Emotionale Loops

Über Gifs

Von Dominik SchöneckerRSS-Newsfeed neuer Artikel von Dominik Schönecker

„Addiction at its finest“ steht als Slogan über der Internetseite von gif.tv und tatsächlich kann man mit Gifs wundervoll Zeit vertrödeln, mit kleinen Loops (= Schleife; wiederholte Wiedergabe eines begrenzten Ausschnitts in Musik und Film) aus Einzelbildern, die zu einer Sequenz verbunden werden, die dann vor dem Auge des Betrachters immer und immer wieder abläuft. Das ist unterhaltsam und bisweilen lustig, aber kann man sich eine Kommunikation in Gifs vorstellen?

Sehen Sie sich bitte zunächst folgende zwei Gifs an und versuchen Sie, die Frage zu beantworten: Was möchte der Autor dieser Zeilen bzw. der Erzeuger des Gifs mitteilen?
[http://www.gif.tv/#/giftv-1132-facepalm]
[http://www.gif.tv/#/giftv-1869-stagefallbump]

Die kommunikativen Möglichkeiten und Fallstricke, die in diesen filmischen Loops stecken, untersuchen derzeit zwei junge Forscher am MIT, dem naturwissenschaftlich-technischen Elite-Institut der USA, wofür sie aktuell eine Gif-Datenbank aufbauen, die mithilfe der User den einzelnen Gifs 17 elementare menschliche Emotionen – von „Amusement“ über „Fear“ bis „Surprise“ – zuordnet. Ziel des Vorhabens ist ein emotionales Alphabet aus Gifs und damit letztlich eine internationale Bildsprache menschlicher Gefühle. Travis Rich und Kevin Hu, die dieses Projekt betreuen, schreiben in ihrem Internetauftritt: „An animated gif is a magical thing. It contains the power to convey emotion, empathy, and context in a subtle way that text or emoticons simply can’t. GIFGIF is a project to capture that magic with quantitative methods. Our goal is to create a tool that lets people explore the world of gifs by the emotions they evoke, rather than by manually entered tags.“ [http://gifgif.media.mit.edu]

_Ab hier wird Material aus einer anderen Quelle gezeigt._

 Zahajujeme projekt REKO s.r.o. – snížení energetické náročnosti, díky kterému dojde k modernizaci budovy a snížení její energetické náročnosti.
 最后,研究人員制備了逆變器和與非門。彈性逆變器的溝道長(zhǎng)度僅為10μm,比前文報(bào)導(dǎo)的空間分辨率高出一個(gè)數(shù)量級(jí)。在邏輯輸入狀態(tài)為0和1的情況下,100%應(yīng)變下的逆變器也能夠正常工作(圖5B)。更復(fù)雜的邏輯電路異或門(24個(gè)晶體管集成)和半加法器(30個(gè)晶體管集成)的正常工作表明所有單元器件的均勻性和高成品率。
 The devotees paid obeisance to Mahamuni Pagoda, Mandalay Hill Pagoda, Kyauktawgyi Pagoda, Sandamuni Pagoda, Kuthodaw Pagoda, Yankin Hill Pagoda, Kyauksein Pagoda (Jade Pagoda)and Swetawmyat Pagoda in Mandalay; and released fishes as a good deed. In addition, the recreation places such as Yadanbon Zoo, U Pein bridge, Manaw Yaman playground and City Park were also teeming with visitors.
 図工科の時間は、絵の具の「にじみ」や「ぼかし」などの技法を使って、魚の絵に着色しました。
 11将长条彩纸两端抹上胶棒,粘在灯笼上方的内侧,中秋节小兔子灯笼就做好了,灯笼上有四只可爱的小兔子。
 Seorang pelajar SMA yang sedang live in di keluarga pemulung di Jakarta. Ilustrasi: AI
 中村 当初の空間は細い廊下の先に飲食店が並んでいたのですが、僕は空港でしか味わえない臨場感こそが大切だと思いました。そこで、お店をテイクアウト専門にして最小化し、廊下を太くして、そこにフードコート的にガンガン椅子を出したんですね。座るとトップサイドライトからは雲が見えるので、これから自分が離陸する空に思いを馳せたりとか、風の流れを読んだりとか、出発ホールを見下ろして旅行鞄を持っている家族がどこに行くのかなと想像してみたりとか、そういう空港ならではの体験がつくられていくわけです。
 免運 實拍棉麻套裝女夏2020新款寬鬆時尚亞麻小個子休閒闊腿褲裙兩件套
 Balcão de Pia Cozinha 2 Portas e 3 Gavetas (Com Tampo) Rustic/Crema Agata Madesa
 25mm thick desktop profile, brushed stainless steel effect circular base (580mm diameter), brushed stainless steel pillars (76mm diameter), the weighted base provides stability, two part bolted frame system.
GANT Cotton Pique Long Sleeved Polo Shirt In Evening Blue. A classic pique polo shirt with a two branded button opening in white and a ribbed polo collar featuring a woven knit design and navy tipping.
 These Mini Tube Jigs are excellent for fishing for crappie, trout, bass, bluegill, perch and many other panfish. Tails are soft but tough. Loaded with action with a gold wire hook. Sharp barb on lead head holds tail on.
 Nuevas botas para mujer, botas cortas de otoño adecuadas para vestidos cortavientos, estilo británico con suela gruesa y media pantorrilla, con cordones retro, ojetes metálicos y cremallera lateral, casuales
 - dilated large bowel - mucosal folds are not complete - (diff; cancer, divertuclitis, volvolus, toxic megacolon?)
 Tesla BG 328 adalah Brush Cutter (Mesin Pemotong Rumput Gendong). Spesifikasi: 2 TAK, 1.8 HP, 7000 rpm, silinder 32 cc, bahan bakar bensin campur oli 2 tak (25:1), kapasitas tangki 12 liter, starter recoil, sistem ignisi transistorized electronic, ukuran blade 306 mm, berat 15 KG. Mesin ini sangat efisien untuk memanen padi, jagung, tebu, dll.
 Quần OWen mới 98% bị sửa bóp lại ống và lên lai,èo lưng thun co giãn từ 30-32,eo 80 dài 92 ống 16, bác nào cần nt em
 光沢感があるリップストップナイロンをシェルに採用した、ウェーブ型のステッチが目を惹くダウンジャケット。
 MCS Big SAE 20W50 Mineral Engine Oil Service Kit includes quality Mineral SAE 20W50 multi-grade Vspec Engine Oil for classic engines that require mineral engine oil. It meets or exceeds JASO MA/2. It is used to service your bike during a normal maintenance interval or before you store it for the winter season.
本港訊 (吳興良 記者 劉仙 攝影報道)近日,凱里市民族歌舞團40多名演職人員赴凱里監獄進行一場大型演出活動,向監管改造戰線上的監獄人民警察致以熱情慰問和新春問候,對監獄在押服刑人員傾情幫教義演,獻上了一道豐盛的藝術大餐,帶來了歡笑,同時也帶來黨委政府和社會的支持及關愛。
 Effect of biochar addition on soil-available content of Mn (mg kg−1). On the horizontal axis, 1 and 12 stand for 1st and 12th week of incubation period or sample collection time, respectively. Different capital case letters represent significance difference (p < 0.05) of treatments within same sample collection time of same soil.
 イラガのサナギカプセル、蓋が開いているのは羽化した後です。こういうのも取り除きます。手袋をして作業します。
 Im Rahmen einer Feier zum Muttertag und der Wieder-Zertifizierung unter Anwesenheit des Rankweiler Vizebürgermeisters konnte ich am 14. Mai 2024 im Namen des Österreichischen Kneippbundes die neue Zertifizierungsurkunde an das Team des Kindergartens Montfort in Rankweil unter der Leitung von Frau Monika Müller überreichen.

Dieses Vorhaben und die bisherigen Ergebnisse stellen jedoch zunächst die Überforderung seiner Initiatoren zur Schau. Ein Gif ist zwar durchaus in der Lage, komplexe Emotionen gebündelt auszudrücken, es kann Kontexte hinzufügen oder ausblenden, soll aber doch in erster Linie Aufmerksamkeit erzeugen. Eine Sprache aus Gifs könnte man sich zwar als eine sehr komplexe Hieroglyphenschrift vorstellen, als Ideographie einer auch emotional globalisierten Welt. Das Gif, als animierte Reihe von Einzelbildern, jedoch nur als sprachlich-emotionales Zeichen zu behandeln, greift zu kurz, weil prinzipiell jedes Gif bereits selbst der Loop einer komplexen Mitteilung ist, die zwar international verständlich ist, weil sie sich allein in Bildern mitteilt, aber sicherlich nicht intersubjektiv und von selbst verstanden wird. Richtig ist, dass Texte nicht international verständlich und Emoticons wenig hintergründig sind. Die Kommunikation mittels Gifs, so wie sie sich Rich und Hu vorstellen, entspricht aber in gewisser Weise einer Kommunikation mittels Lyrik, denn auch ein Gedicht ist nicht selten ein magisches Gebilde, das Emotionen hintergründig übermittelt. Gifs verhalten sich zu Emoticons wie Gedichte zu Kochrezepten.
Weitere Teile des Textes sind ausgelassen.